Apostrophes and hyphens are stripped:

assert_eq!(Normalizer::normalize_name("O'Brien"),    "obrien");
assert_eq!(Normalizer::normalize_name("MARY-JANE"),  "maryjane");

Diacritics are removed:

assert_eq!(Normalizer::normalize_name("José"),  "jose");
assert_eq!(Normalizer::normalize_name("Siân"),  "sian");
assert_eq!(Normalizer::normalize_name("Łukasz"), "łukasz");  // ł has no decomposition

Empty and whitespace-only input round-trip cleanly:

assert_eq!(Normalizer::normalize_name(""),       "");
assert_eq!(Normalizer::normalize_name("    "),   "");

The function is idempotent:

let once = Normalizer::normalize_name("  José-María  ");
let twice = Normalizer::normalize_name(&once);
assert_eq!(once, twice);

Source

pub fn normalize_postcode(postcode: &str) -> String

Normalise a postcode for comparison.

Steps: drop all whitespace, then uppercase.
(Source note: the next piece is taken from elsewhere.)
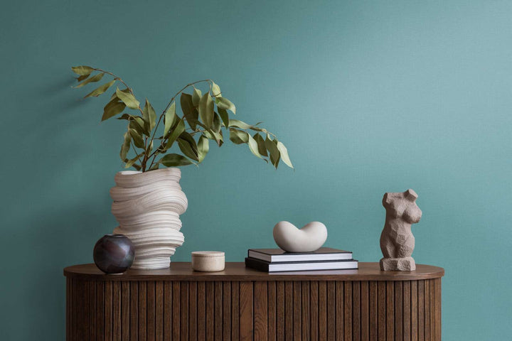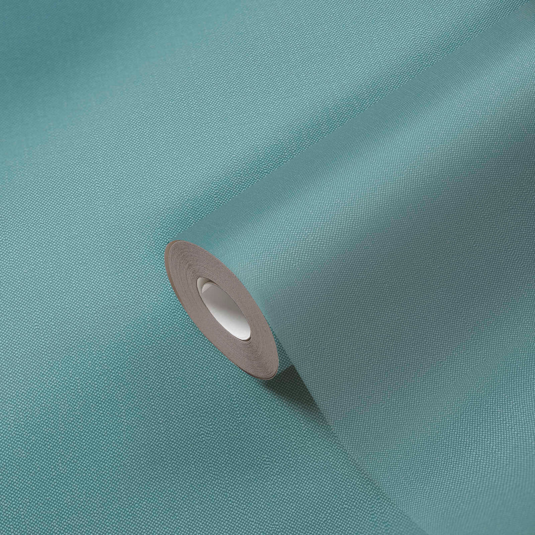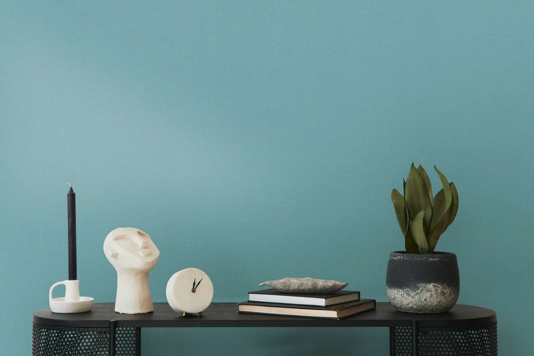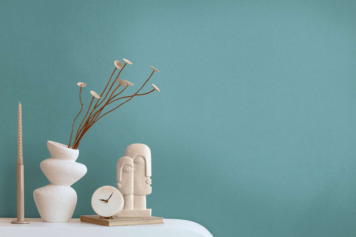 Tirkīza krāsas tapetes ar teksturētu, matētu virsmu piešķir interjeram svaigu un modernu izskatu.

No locale-specific validation — that is intentionally out of scope.

§Examples

UK postcodes with and without the conventional space are equivalent:

use worker_matcher::Normalizer;
assert_eq!(Normalizer::normalize_postcode("CF10 1AA"),    "CF101AA");
assert_eq!(Normalizer::normalize_postcode("cf101aa"),     "CF101AA");
assert_eq!(Normalizer::normalize_postcode("  cf10 1aa "), "CF101AA");

Empty input is preserved:

assert_eq!(Normalizer::normalize_postcode(""), "");

Idempotent:

let once = Normalizer::normalize_postcode("sw1a 2aa");
let twice = Normalizer::normalize_postcode(&once);
assert_eq!(once, twice);

Source

pub fn normalize_phone(phone: &str) -> String

Normalise a phone number for comparison.

Steps:

Keep only ASCII digits (drop spaces, brackets, hyphens, +, …).
If the result starts with 0044, drop those four characters.
Else, if the result starts with 44 and is at least 12 digits long, drop the leading 44.
Else, if the result starts with 0 and is longer than one digit, drop the leading 0.

This canonicalises the common UK formats into a single subscriber number with no leading prefix. International numbers from other countries pass through unchanged.

§Examples

use worker_matcher::Normalizer;

// UK mobile, in three formats:
assert_eq!(Normalizer::normalize_phone("07700 900123"),    "7700900123");
assert_eq!(Normalizer::normalize_phone("+44 7700 900123"), "7700900123");
assert_eq!(Normalizer::normalize_phone("0044 7700 900123"), "7700900123");

// UK landline with brackets and spaces:
assert_eq!(Normalizer::normalize_phone("(029) 2034 5678"), "2920345678");

// Empty input is preserved (no digits to keep):
assert_eq!(Normalizer::normalize_phone(""), "");

Idempotent on canonical inputs:

let once = Normalizer::normalize_phone("07700 900123");
let twice = Normalizer::normalize_phone(&once);
assert_eq!(once, twice);

Source

pub fn normalize_phone_e164( phone: &str, default_country: Option<&str>, ) -> Option<String>

Normalise a phone number to its E.164-style canonical form.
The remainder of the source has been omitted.